Muslim employees quit manufacturing job after company changes prayer policies

Dozens of Muslim employees at a Wisconsin manufacturing company claim that they were forced to quit this week, after the company changed its prayer-on-the-job policy to one that prevents them from participating in their daily prayers to Mecca.
WBAY-TV reported that before Thursday, Somali Muslims employed by Ariens Manufacturing were allowed to leave the producing line twice a shift in order to participate in two of the five daily prayers required by the Islamic faith.
Ariens, which is based out of Brillion, WI, primarily manufactures snow blowers and riding mowers:
The new policy, as told to the station by a company spokesman, only allows the employees:
…to pray during scheduled breaks in designated prayer rooms. Our manufacturing environment does not allow for unscheduled breaks in production.”
The dozens of employees affected by the policy allege that praying only during a meal break goes against their religion. Masjid Imam Hasan Abdi, an employee from Green Bay, told the station:
“If someone tells you, ‘You pray on your break,’ and the break time is not the prayer time? It will be impossible to pray.”
Added former Ariens equipment painter, who held out his unemployment packet as he spoke to WBAY:
“We pray by the time.

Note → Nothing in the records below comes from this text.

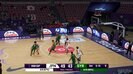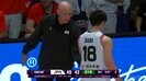 馬場はアウトサイドから回り込んでパスを引き取ったデシールズに足をしっかり動かして対応。相手エースのドリブルに対して、ハードかつ粘着質なディフェンスで自由を与えない。ドライブに対しても両手を目一杯広げながら、身体をぶつけてバランスを崩させる。最後はターンしてくる相手に強めにぶつかって転倒させたことでファウルとなったが、してやったりのディフェンスに馬場も思わず咆哮。ベンチ前にいたトム・ホーバスHCも思わず拍手を送り、馬場とハイタッチをかわした。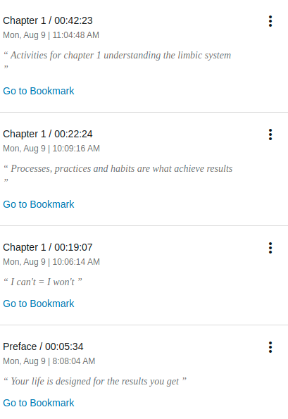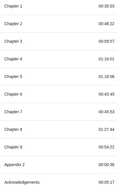 Cada capitulo tiene una estructura básica donde habla del concepto luego da algunos ejemplos y luego cierra con una ronda de preguntas (bastante útiles en muchos casos), sin embargo el audio libro solo tiene una serie de capítulos sin mas información, así que no tienes idea de si estas en el 3ro o el 8vo o cuál es el titulo.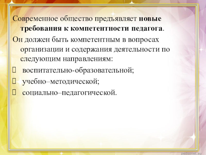 Слайд 8Современное общество предъявляет новые требования к компетентности педагога.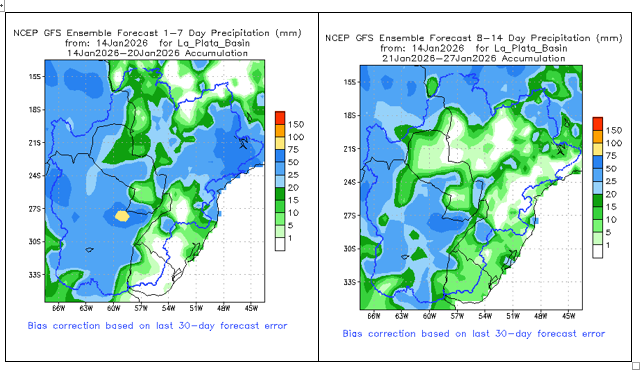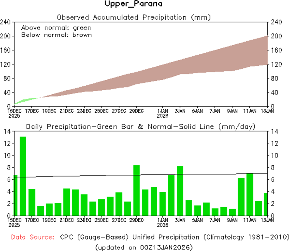 • El índice del Modo Anular Sur (SAM) se mantiene neutral al 3 de enero de 2026. Se prevé que se mantenga prácticamente neutral durante las próximas dos semanas. Posteriormente, existen diversos resultados posibles, lo que implica una menor claridad en la probable fase del SAM.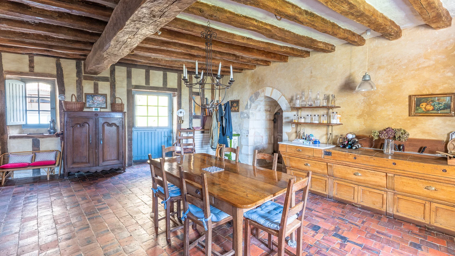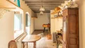 La partie la plus ancienne du rez-de-chaussée abrite une grande pièce de réception et une petite pièce pouvant faire office de chambre ou de bureau, tandis que la partie plus récente comprend une entrée, une grande cuisine dînatoire, deux salles de bains dont une avec hammam et sauna, ainsi qu'une lingerie.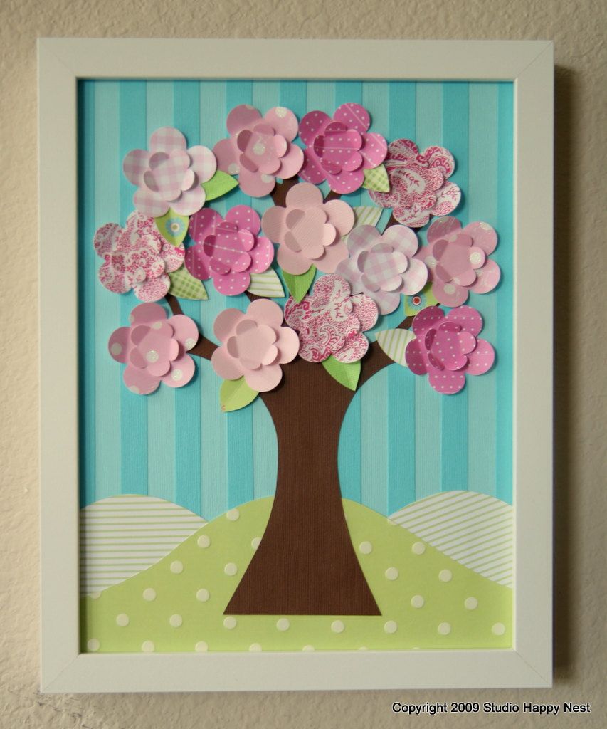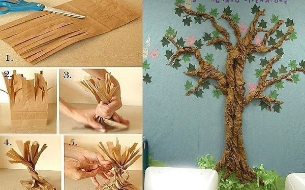 Выберите красивую оберточную бумагу и просто прикрепите ее к стене, имитируя форму настоящего дерева.
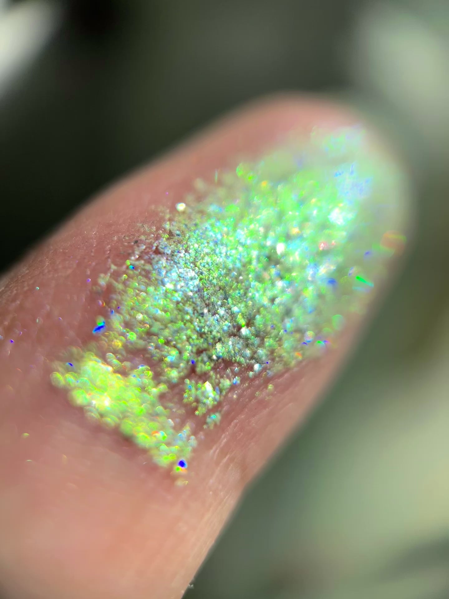 Ghoul Glam Holo: A ghoulish but glamorous radiance that transforms from electric lime to aqua blue under shifting light, wrapped in a rainbow halo of holographic brilliance.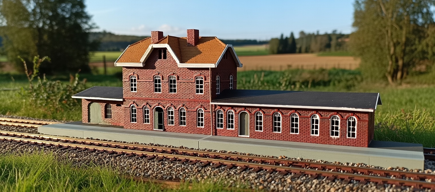 Hier mijn station Laarwald. De ornamenten hadden nog wat subtieler gekund en de afwerking en schilderwerk wat netter, maar op een foto komen dat soort foutjes veel meer tot uiting dan in werkelijkheid, en eenmaal op je baan valt dat helemaal niet meer op, tenzij je natuurlijk een diorama maakt waar het volledig op de detaillering aankomt.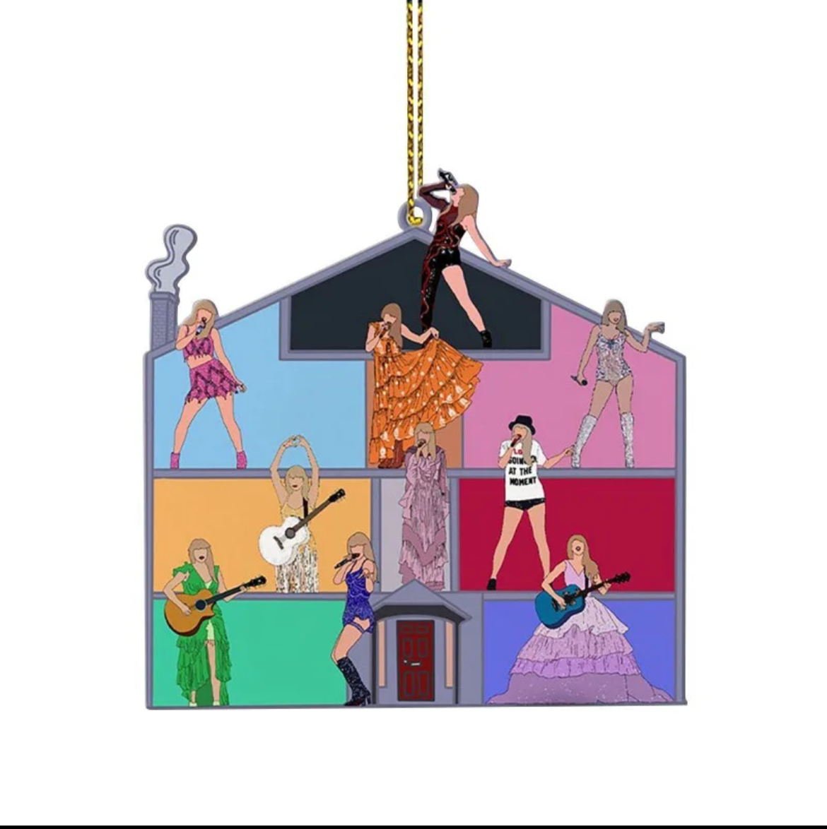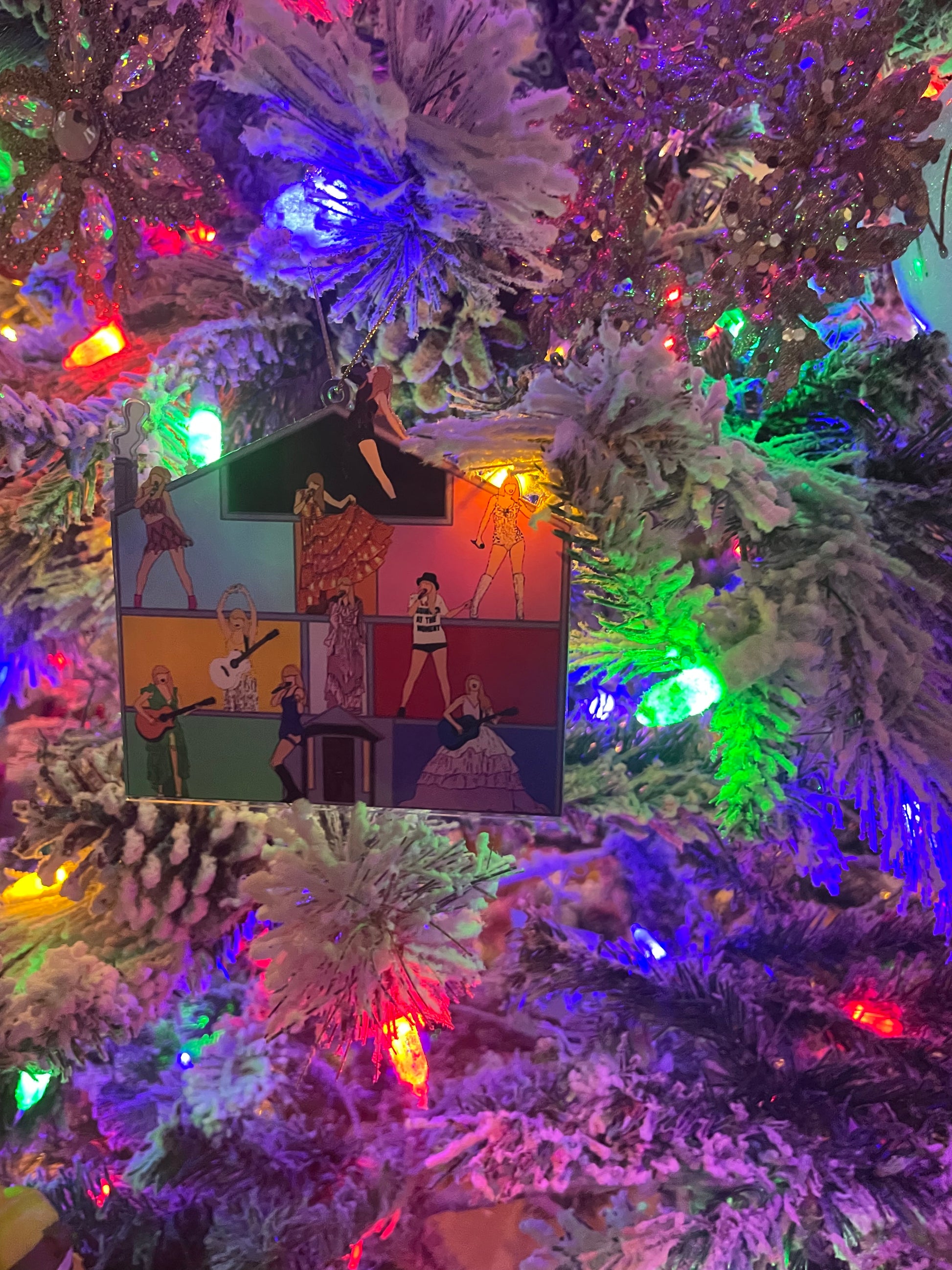 Lightweight Acrylic Ornament mixing Taylor Swifts Iconic Lover House and The Eras Tour. Perfect to add to your Swiftie Christmas Tree.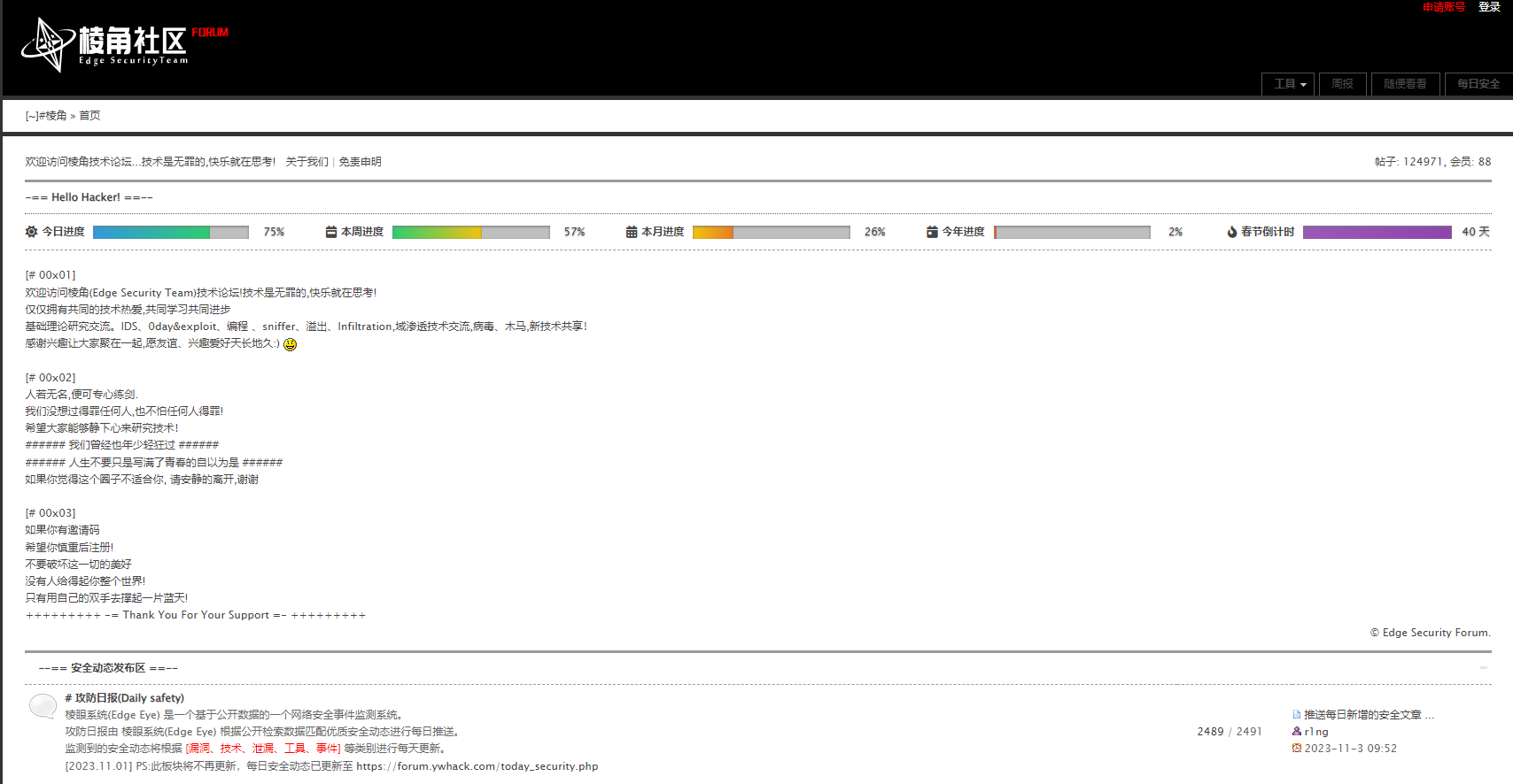 棱角技术论坛是一个中文网络安全论坛,提供关于网络安全、黑客技术、渗透测试等方面的知识分享和经验交流。它为网络安全从业者、研究人员和黑客爱好者提供一个学习和成长的平台。

So they say, ‘If you don’t pray at the break time,’ they give us this [unemployment] paper to just leave.”
According to the company’s spokesman, the policy change impacts 53 of the company’s workers, with the majority of them opting to leave the company as a result of the new company.
The spokesman added that the company “put a considerable amount of effort” into finding a solution that would work for both sides, which included meeting with members of their Somalian employee group.
Dan Ariens, the company’s chairman and CEO, also wrote in an open letter posted to Twitter that reads, in part:
“We continue to be open to any of the employees returning to work under the new policy…
We respect their faith, we respect the work they have done at Ariens, and we respect their decision regardless of their choice to return to work or not.”
Per US law established by the the Equal Opportunity Employment Commission on religious tolerance in the workplace, “an employer does not have to accommodate an employee’s religious beliefs or practices if doing so would cause undue hardship to the employer.”
The Council for Islamic-American Relations (CAIR) is also calling on Ariens to reverse its policy, per a Tweet sent on Saturday.